Saturday, August 1, 2009

We Need To Talk...

It took decades to teach the American public that their slaves were not "livestock", but human beings; that drunk driving is not an "accident", but a crime; that beating a child is not "punishment", but abuse. It will take that long, or longer, to teach our society that religious beliefs are not "glorious", but lead to wasted lives, with believers wishing and hoping, for their entire lifetimes, to avoid the reality of death through the "promise" of Paradise. Religious beliefs lead to zealous violence, with believers murdering, either singly or en masse, those whom they feel are "sinners" or "infidels", thinking that their god wants the unbelievers dead. (And the Old Testament shows again and again that the biblical god is more than willing and perfectly capable of performing his own murders.) Religious notions prompt parents to allow their children to die of treatable diseases, because obtaining medical help would show that they lack faith in their god; so everyone prays for a miracle until the child is beyond any doctor's skills (which, ironically, would more than likely provide the "miracle" cure that the sick are looking for).

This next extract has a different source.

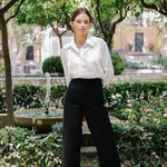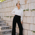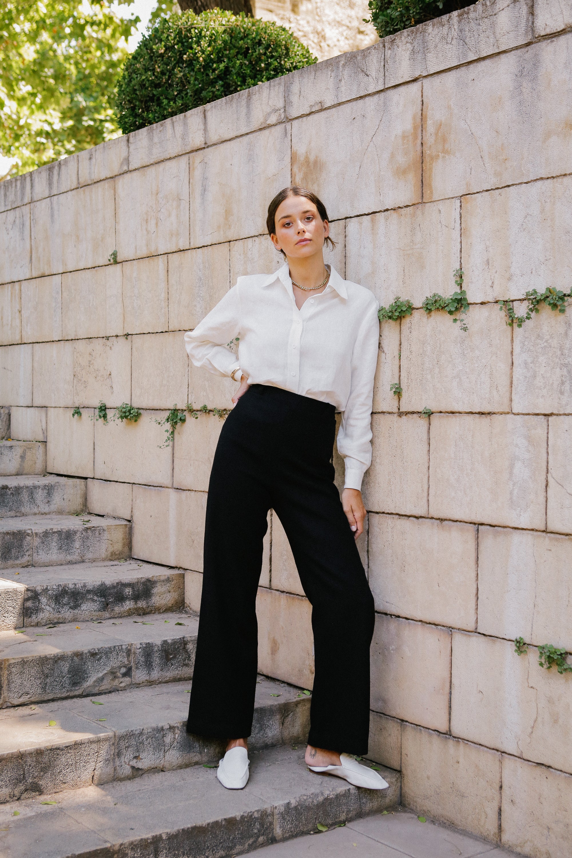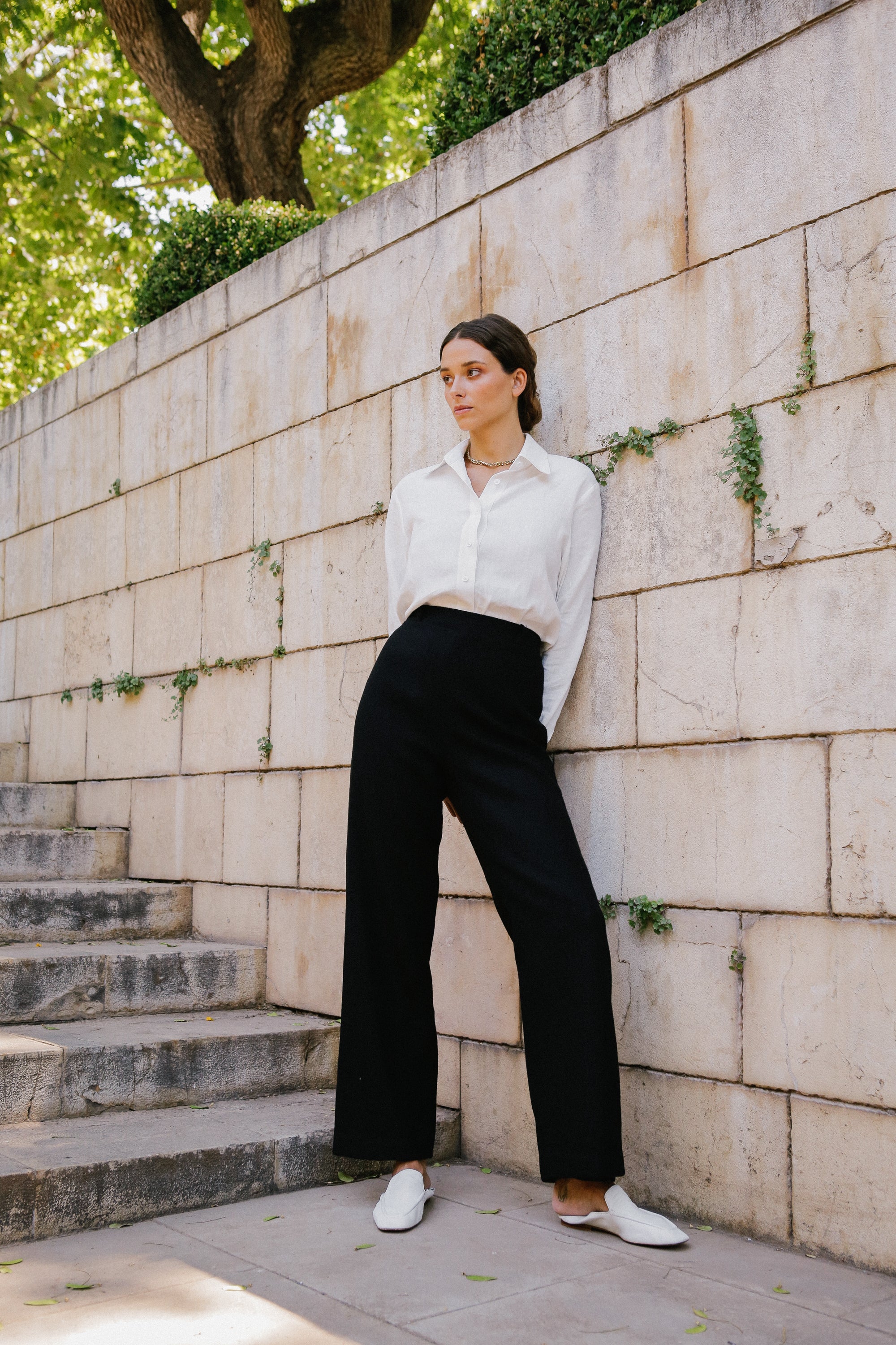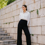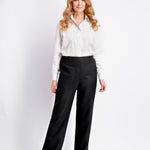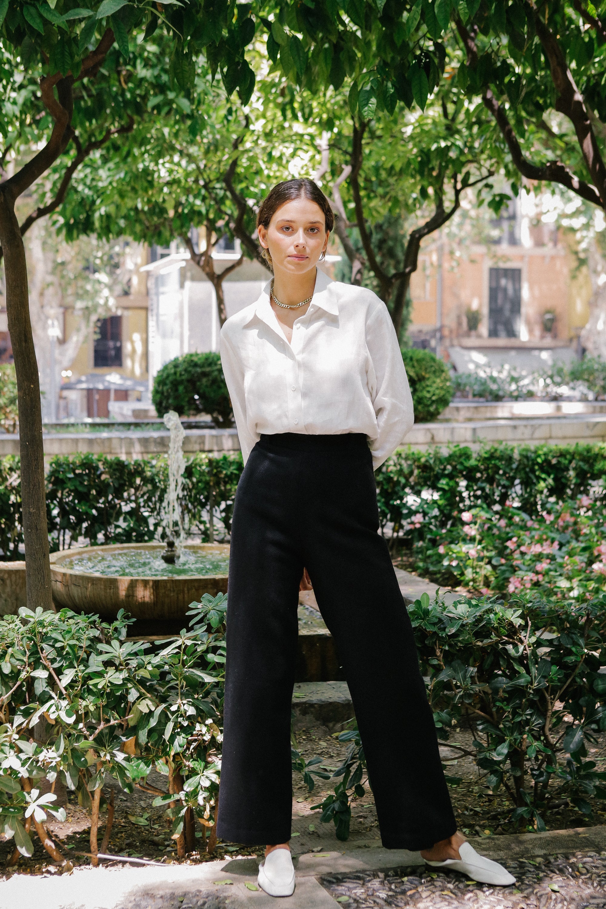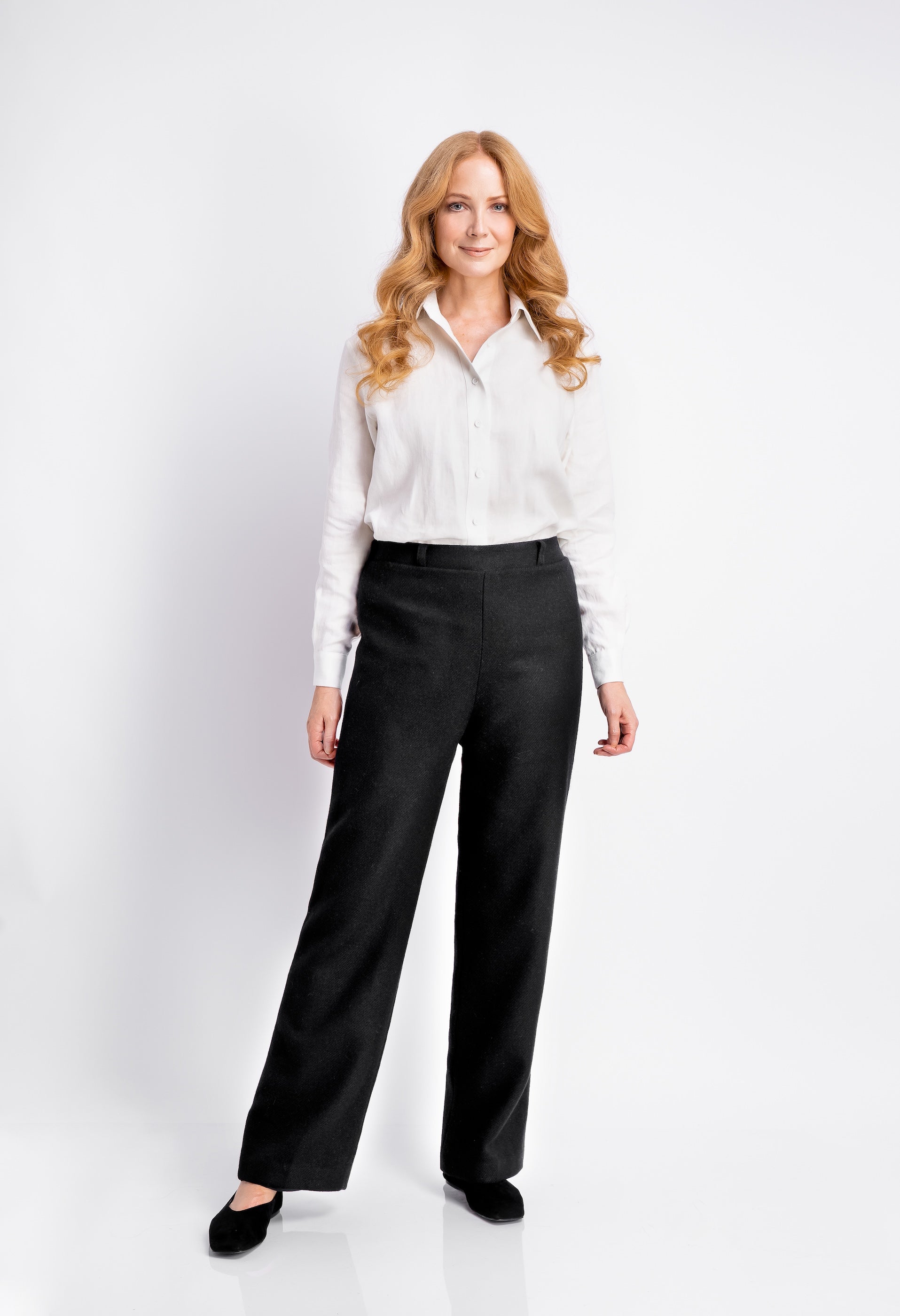 Loot to our wardrobe classics with a forward-thinking sustainable outlook. The Lana Black Wool pants will suit the smart-casual dress code. Made from 100% Irish wool with a high waist and wide legs cut for optimal comfort. - 100% Irish Wool - Black - Side slit pockets - High waist - Made in Ireland

All the good and charitable works that the religious feel they "own" are also achieved by the non-religious. People do not need to follow Jesus, or Mohammad, or Buddha, or Isis, or any other religious character, in order to be loving, generous, compassionate, and wise. Spirituality and similar comforts of existence can grow from other, non-religious, natural, and reasonable, roots. The end of religion will not end charity, love, or wisdom, but it will reduce acts of violence, bigotry and neglect carried out in the name of the Lord.